[Recorded data]
┌──

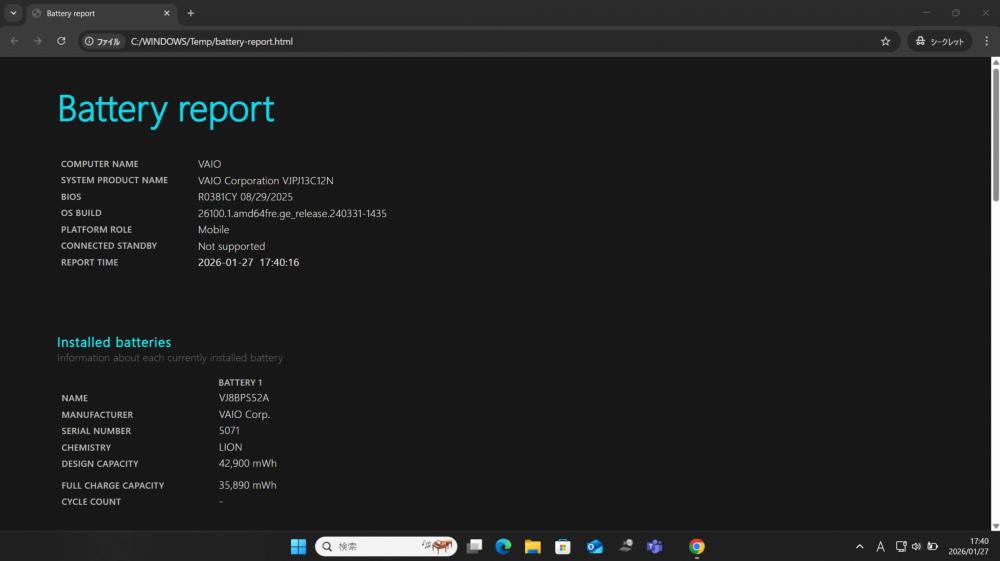 | 型番: SONY VAIO VJPJ13C12N |
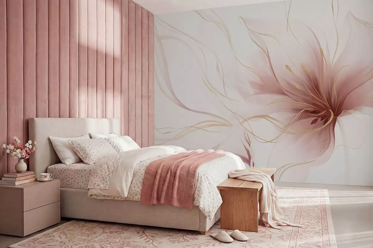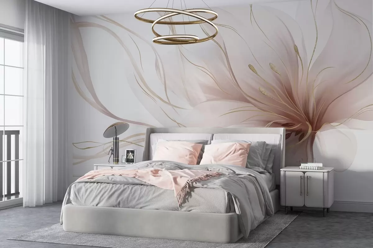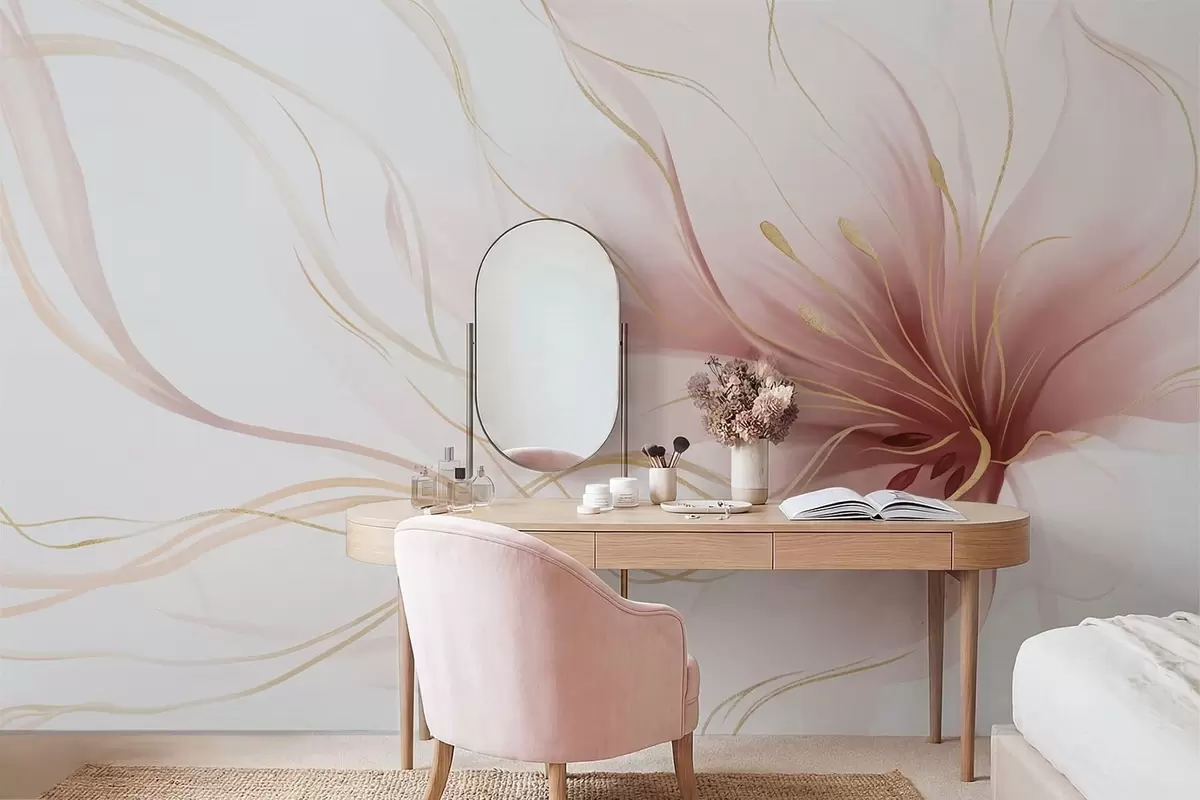 Fototapeter En abstrakt rosa blomst med flytende linjer i Fluid Art-stilen Nr. w05428v1
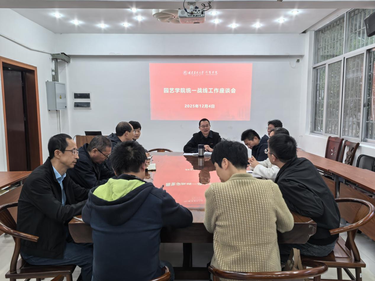 12月4日下午,园艺学院在学院一层会议室召开2025年度统一战线工作座谈会。学院党委委员、民主党派人士及无党派人士参加会议。
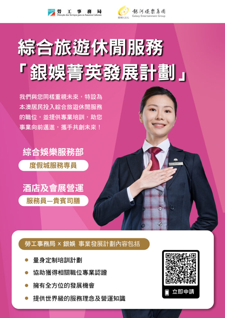 【本報訊】為支持本地人才全面發展,拓展多元職涯路向,勞工事務局和銀河娛樂集團(下稱「銀河娛樂」)合作推出「銀娛菁英發展計劃(綜合娛樂服務及酒店營運範疇)」(下稱「計劃」),以「先入職、後培訓」方式,為有志投身綜合休閒旅遊服務行業的澳門居民提供全方位培訓及發展階梯,計劃由8月13日起接受申請。
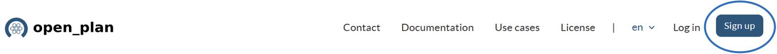 The first step to start using open-plan-tool is to create an account. To do this, you must click on the “Sign up” button at the top right corner and fill in the following information: your name, email address, username and password. Finally, do not forget to read and accept the privacy statement. You should receive an email with a link to confirm the account creation. You can find our privacy policy here.
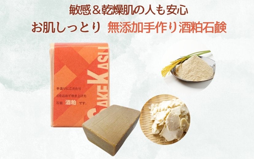 酒粕、米ぬかを使った石鹸 無添加にこだわり続け心を込めて手作りしました。酒粕米ぬかにはリノール酸やビタミン類が豊富に含まれています。洗うたびに肌が白くつるつるに!敏感肌 美白 肌のハリ 保湿 石けん
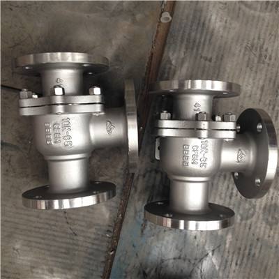Q44F、Q45F不锈钢三通球阀有T型和L型。T型能使三条正交的管道相互联通和切断第三条通道,起分流、合流作用。L型只能连接相互正交的两条管道,不能同时保持第三条管道的相互连通,只起分配作用。
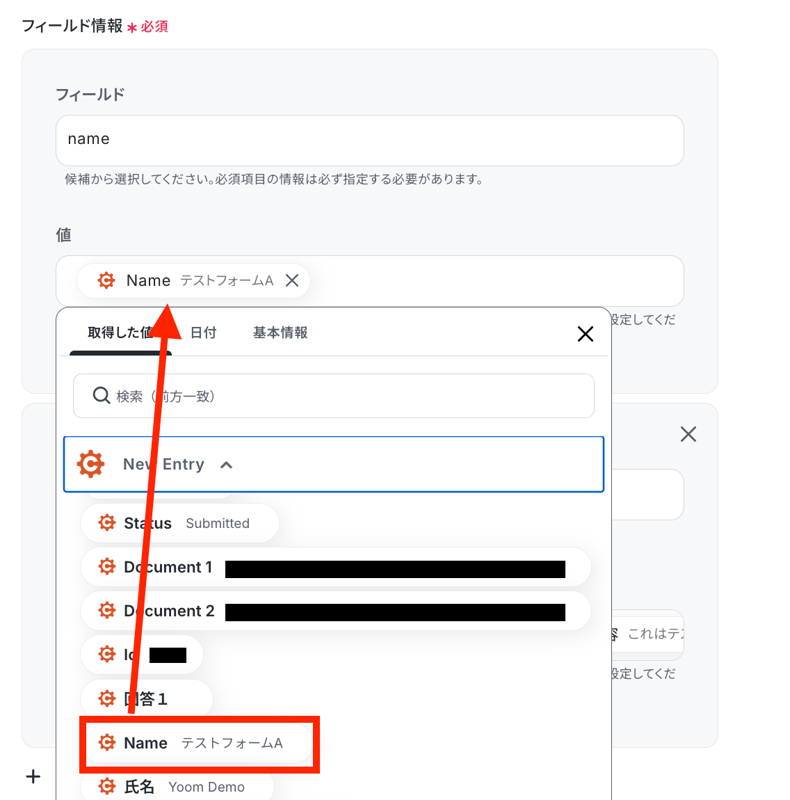 フィールド情報を設定します。フィールドを選択して、取得した値を選択しましょう。
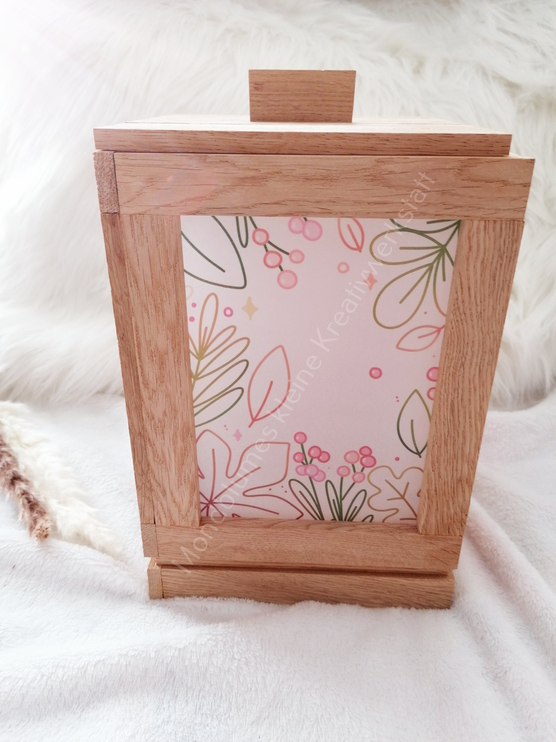 Diese liebevoll gestaltete Laterne aus heller Eiche vereint natürliche Holzoptik mit stimmungsvoller Herbstdekoration. Der abnehmbare Deckel ermöglicht einfaches Platzieren von LED-Lichtern (nicht im Produkt enthalten), während die dekorativen Seitenwände herbstliche Akzente setzen und eine warme, gemütliche Atmosphäre schaffen.
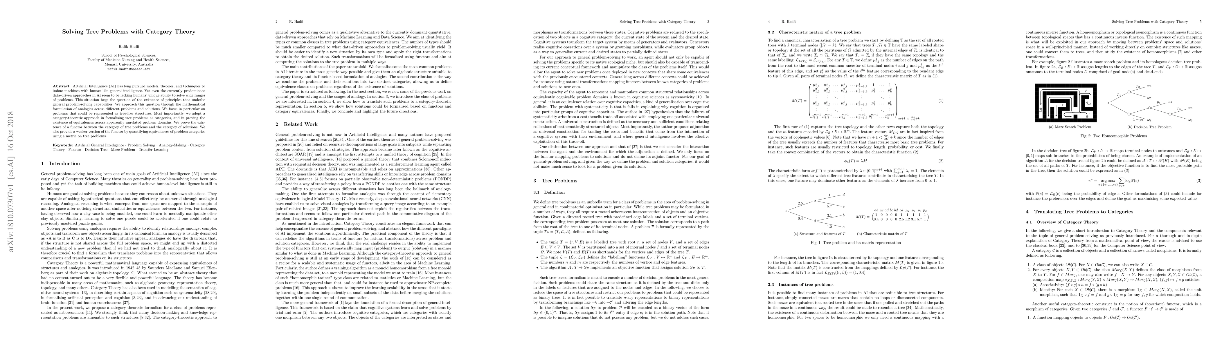 Artificial Intelligence (AI) has long pursued models, theories, and techniques to imbue machines with human-like general intelligence. Yet even the currently predominant data-driven approaches in AI seem to be lacking humans' unique ability to solve wide ranges of problems. This situation begs the question of the existence of principles that underlie general problem-solving capabilities. We approach this question through the mathematical formulation of analogies across different problems and solutions. We focus in particular on problems that could be represented as tree-like structures. Most importantly, we adopt a category-theoretic approach in formalising tree problems as categories, and in proving the existence of equivalences across apparently unrelated problem domains. We prove the existence of a functor between the category of tree problems and the category of solutions. We also provide a weaker version of the functor by quantifying equivalences of problem categories using a metric on tree problems.

└──

Aim of the exercise ->
Copy only the lines above from the one containing "Q44F、Q45F不锈钢三通" through the one containing "Diese liebevoll gestaltete", both included. Leave out the pictures.

Solution ->
Q44F、Q45F不锈钢三通球阀有T型和L型。T型能使三条正交的管道相互联通和切断第三条通道,起分流、合流作用。L型只能连接相互正交的两条管道,不能同时保持第三条管道的相互连通,只起分配作用。
 フィールド情報を設定します。フィールドを選択して、取得した値を選択しましょう。
 Diese liebevoll gestaltete Laterne aus heller Eiche vereint natürliche Holzoptik mit stimmungsvoller Herbstdekoration. Der abnehmbare Deckel ermöglicht einfaches Platzieren von LED-Lichtern (nicht im Produkt enthalten), während die dekorativen Seitenwände herbstliche Akzente setzen und eine warme, gemütliche Atmosphäre schaffen.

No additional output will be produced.